About UCMP : UCMP newsletter

USGS project update

by Erica Clites

The Mesozoic portion of the former USGS Menlo Park Invertebrate Collection, now housed in UCMP's off campus Regatta Collections Facility, required extensive reorganization. After assigning stratigraphic ages to each locality this past summer, we have spent the fall rehousing these fossils into new archival specimen boxes arranged in steel museum drawers and cabinets. Approximately 17,000 specimens from a collection of over 100,000 have been rehoused, resulting in ten cabinets full of spectacular Jurassic and Cretaceous fossils collected from the San Francisco Bay Area to the southern coast of England.

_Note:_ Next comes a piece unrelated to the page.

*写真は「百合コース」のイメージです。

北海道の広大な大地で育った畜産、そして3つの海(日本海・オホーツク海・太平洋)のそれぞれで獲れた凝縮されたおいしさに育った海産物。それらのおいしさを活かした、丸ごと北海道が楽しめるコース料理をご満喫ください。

Along the way, we have reunited many "stray" fossils stored in separate drawers, moved Alaskan fossils back to UCMP on campus, and continue to be impressed with the diverse and abundant fossils collected at many localities and their stunning degree of preservation.

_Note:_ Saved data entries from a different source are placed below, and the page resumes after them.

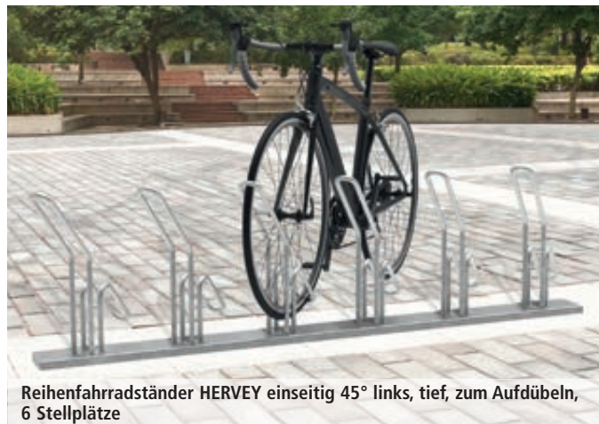
Reihenfahrradständer HERVEY einseitig 45° links, tief, zum Aufdübeln, 6 Stellplätze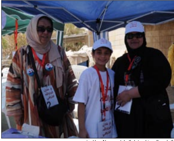
الكبار والصغار شاركوا في حملات المرشحين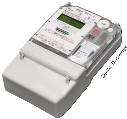
Bild 5: Digitale Stromzähler ergeben zusammen mit einem Kommunikations-Gateway ein Messsystem zur gerätespezifischen Verbrauchserkennung

lässigkeit auch bei niedrigen Spannungen und Strömen. Das Hutschienen-Element ist 72mm breit.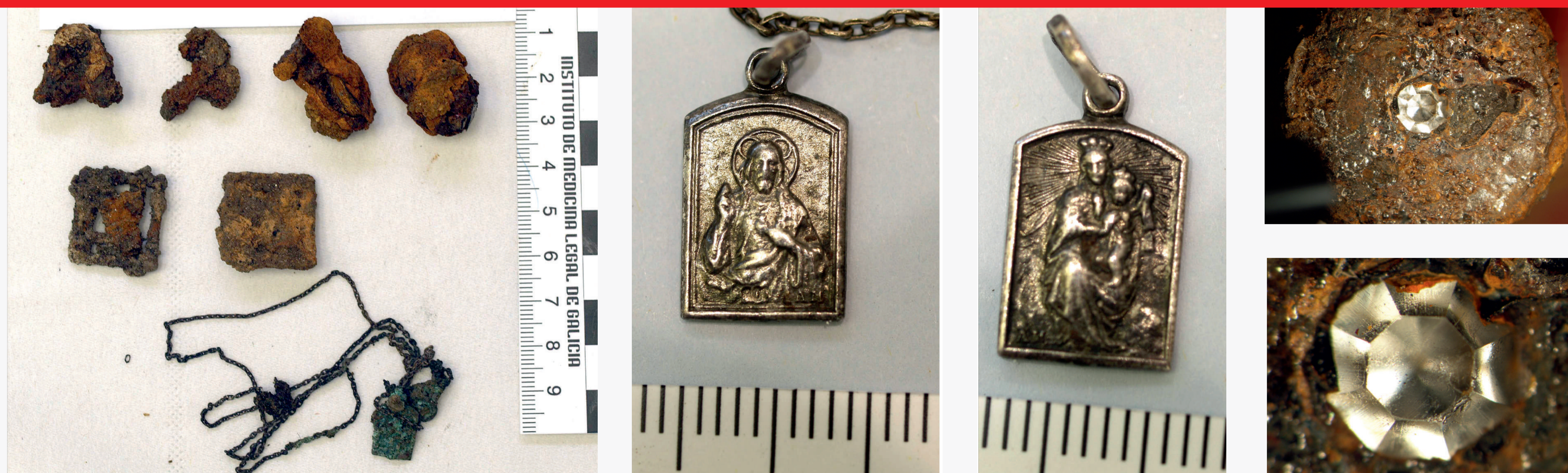
Alguns obxectos asociados á FOSA 1-INDIVIDUO 2 antes e despois da súa limpeza.

One exception to the UCMP's stratigraphic arrangement of localities and fossils are the systematic collections, such as Cliff Nelson's Ph.D. thesis collection of Neptunea (see the blog post). Other systematic collections include Mesozoic taxa such as Buchia, Trigonia, and Inoceramus, as well as ammonites.

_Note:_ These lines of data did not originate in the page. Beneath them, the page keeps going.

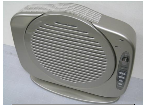
一体化ロータリーフィルターを活用した空気清浄機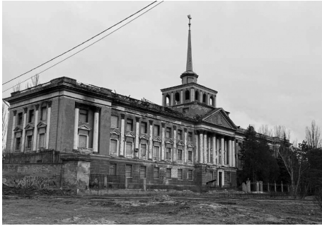
Здание Адмиралтейства, поврежденное в результате ракетного удара.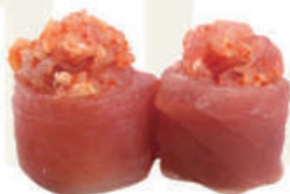
328. Gunkan spicy tuna )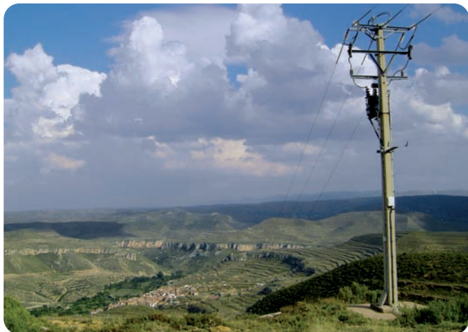
Aislamiento de puente flojo, bajantes y conductores en la Línea de Josa a Obón (15 Kv) en la ZEPA de los desfiladeros del Río Martín

Many of our student workers have returned from last year, and the new students working on the project are a tremendous asset! UCMP volunteers Kathy Zoehfeld and Don Pecko continue to enthusiastically assist with tasks large and small, and always contribute great ideas!

All of the Mesozoic localities are now available in the UCMP locality database and the Cenozoic localities will soon follow. Please check out the new Researcher's Guide to the USGS Collection for more information!

Inoceramiid
Some specimens from the USGS collection. Above: Inoceramid from Luna County, New Mexico, collected in 1976. Right: Trigoniidae specimen from Shasta County, California, collected in 1893. Photos by the UCMP Invertebrate Collection crew.